Both were ordered to pay full restitution of $5.8 million plus punitive damages of $2 million. Their assets would be seized and sold.
The Washington State Bar would disbar Jeremy. Rachel would lose her CPA license.
I felt no satisfaction watching my son led away in handcuffs. Pearl sobbed beside me.
Even in victory, this felt like losing. But the worst was yet to come.
That night back in my apartment—my real apartment now; I’d used some of the bond money to buy a nice two-bedroom condo—I got a call from the prison. Jeremy had tried to harm himself.
He was in the medical unit, stable but under suicide watch. Pearl and I drove there immediately, but they wouldn’t let us see him.
I gave them a letter to pass to him. I don’t know what made me write it; maybe I was thinking about my father’s letter to me found after so many years.
Maybe I just needed my son to know something. The letter said:
“Jeremy, I don’t know if you’ll read this or if you’ll care, but I need you to know something. I’m angry, I’m hurt. What you did was unforgivable by any normal measure. You stole from me, lied to me, betrayed me in ways I’m still trying to understand. But you’re still my son.”
“I still remember teaching you to throw a baseball. I remember your high school graduation, how proud I was. I remember your wedding day, how happy you looked with Rachel.”
“Addiction is a disease. I didn’t understand that for a long time. In the military, we thought weakness was a choice, but I’ve learned differently.”
“You made terrible choices, Jeremy. You committed crimes. But you’re not beyond redemption. When you get out—and you will get out—there’s a place for you in this world.”
“Not in my life, not the way things were. I can’t trust you again. But I can give you something else: forgiveness. Not because you deserve it, not because what you did is okay, but because holding on to hate will poison me as surely as gambling poisoned you.”
“Your mother taught me that. She’d want me to be better than my anger. I’m using the money from your grandfather—the man who survived Pearl Harbor and taught me about sacrifice—to start a foundation.”
“The Grace Foster Foundation for Elder Abuse Victims will help people like me get legal representation, find safe housing, and rebuild their lives.”
“Pearl is joining me.

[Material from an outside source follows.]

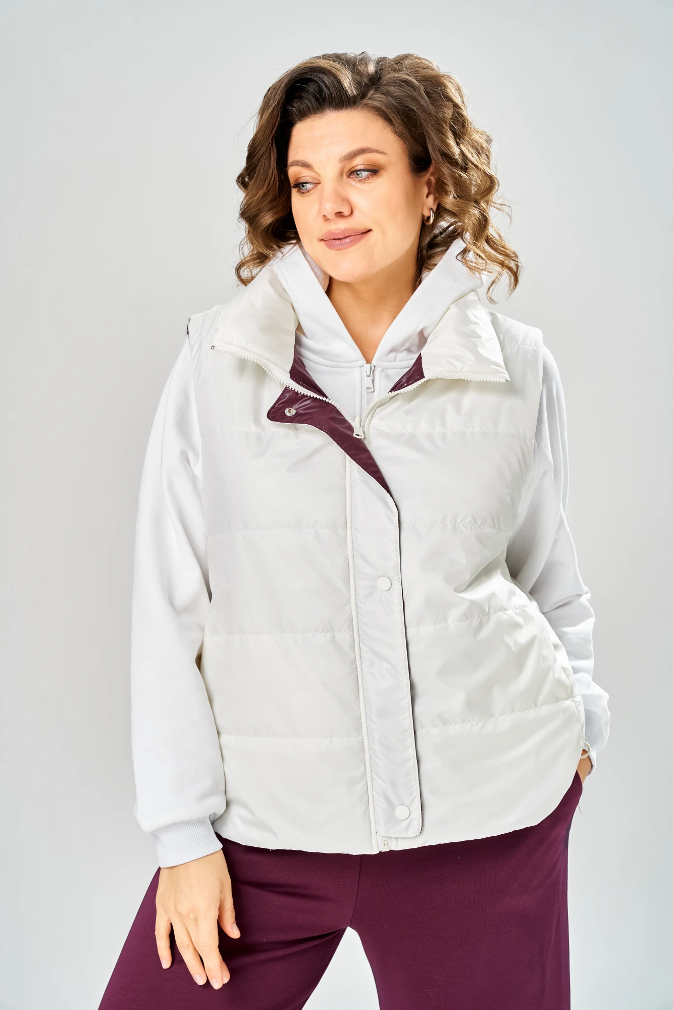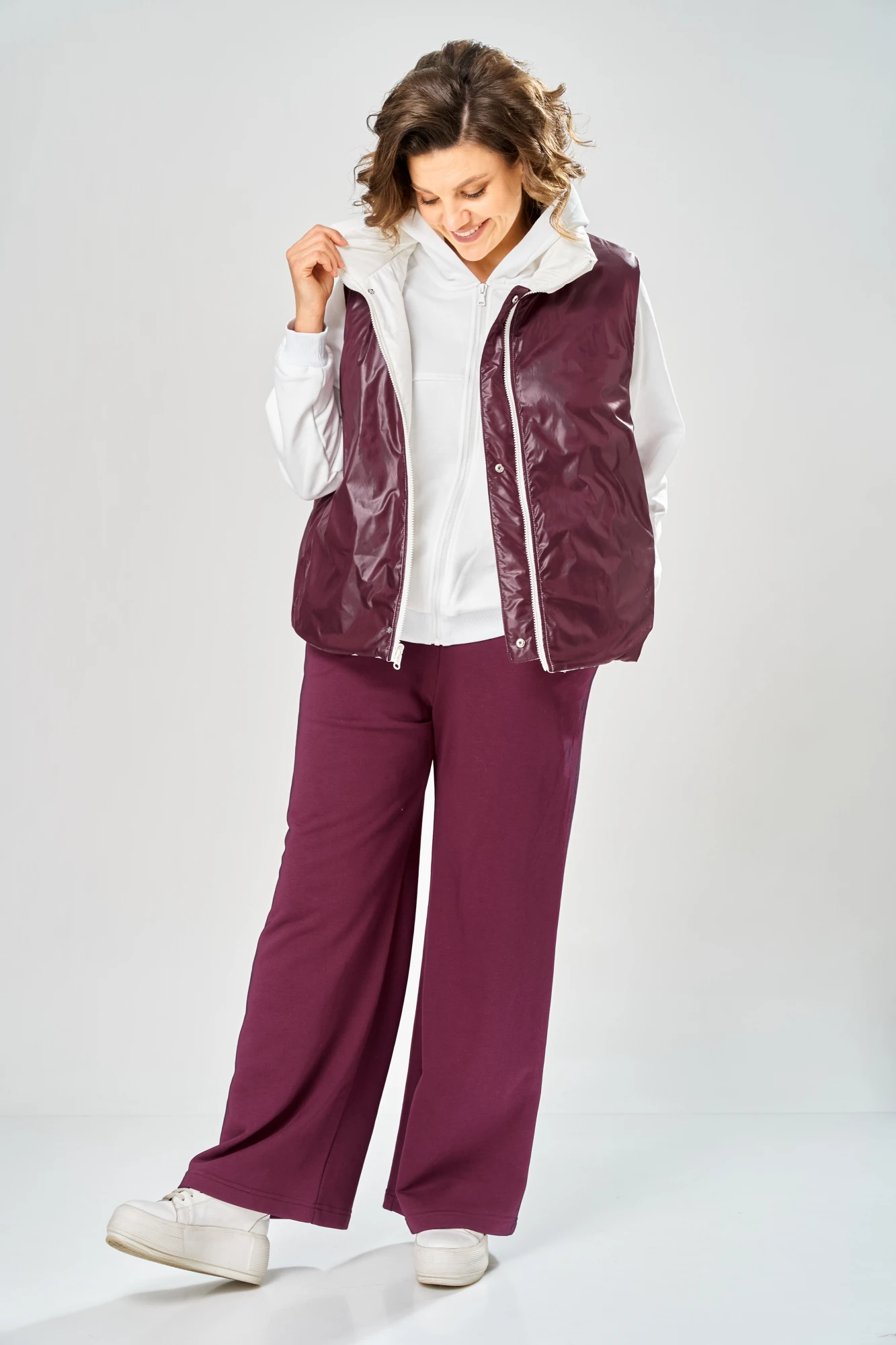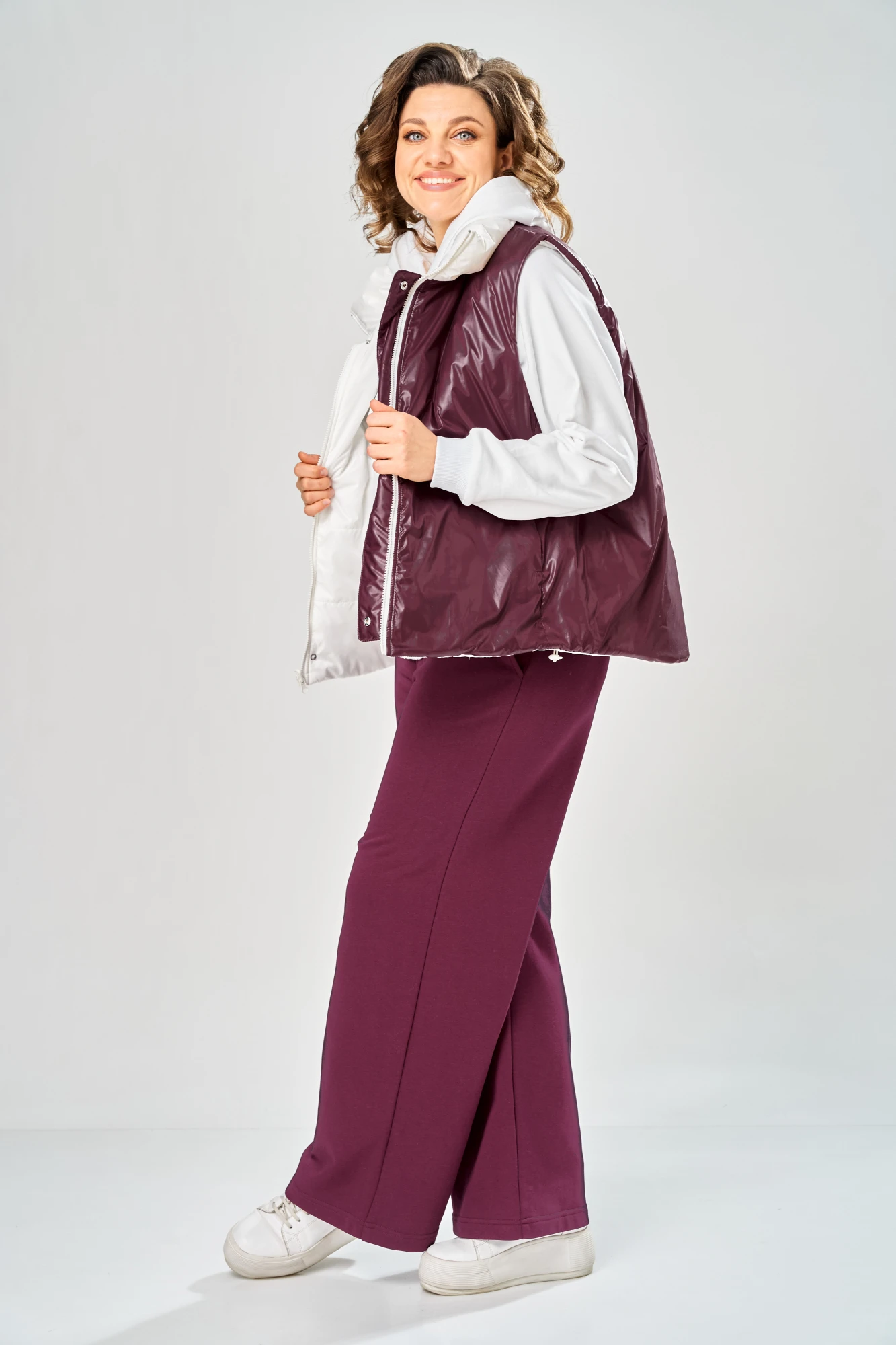 Комплект брючный.Кофта свободного кроя с центральной застежкой на тесьму-молнию. Рукав покроя реглан с притачным манжетом по низу (довяз). По переду и спинке кокетки. Капюшон со средним швом. По низу изделия отделочный пояс (довяз). В качестве отделки используется вышивка. Брюки широкие, верхний срез обработан поясом с резинкой. В боковых швах обработаны карманы.Жилетка женская прямого силуэта с центральной застежкой на тесьму-молнию и отделочную планку на кнопки. Боковой шов смещенный на перед, в шве обработаны карманы. Воротник-стойка со складками по линии горловины. Жилетка двухсторонняя. Температурный режим до +5 градусов.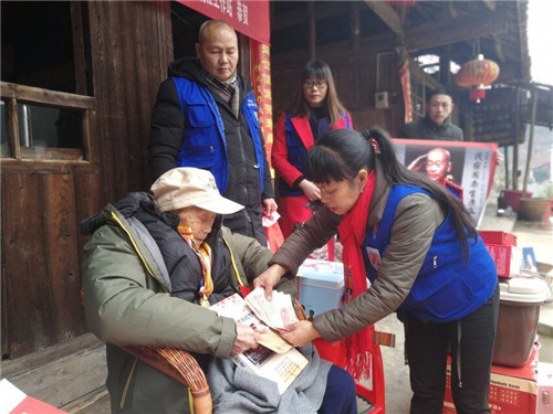 志愿者周小叶代深圳市龙越慈善基金会向夏爷爷敬献新春慰问金500元。

She’s taking a year off school to help set it up. She’s going to become an elder law attorney like Linda. She’s going to be the person I needed.”
“I hope you find peace, son. I hope you get help. I hope one day you can look at yourself in the mirror and see someone worth respecting. But that’s your journey, not mine.”
“I’ll leave the door open a crack if you ever want to walk through it sober, honest, truly changed. We can talk. But I won’t wait for you. I’ve got work to do. Your father, Richard.”
Eighteen months later, in April 2025, I got a letter from Jeremy. He was at a medium-security prison in Monroe, working in the library and attending AA meetings and therapy sessions.
“Dad,” he wrote.
“I don’t expect you to read this. I don’t expect anything from you anymore. But I need to say this for myself. Even if you throw this letter away: I’m sorry.”
“Those words aren’t enough. They’ll never be enough, but they’re true. I’m an addict. I’ve been one for six years. It started with pain pills after my accident, and when Mom made me stop those, I switched to gambling.”
“I told myself it wasn’t as bad. Nobody gets hurt from gambling, right? Except I hurt you. I hurt Pearl. I hurt everyone who ever trusted me.”
“The worst part is I knew what I was doing. Every time I signed those transfer forms, every time I lied to you, I knew. But I told myself I’d win it back. I’d make one big score, return everything, and you’d never know. I never won. Addicts never do.”
“I think about that day you caught me stealing money from your wallet when I was 14. You sat me down and explained why it was wrong, why trust matters more than money.”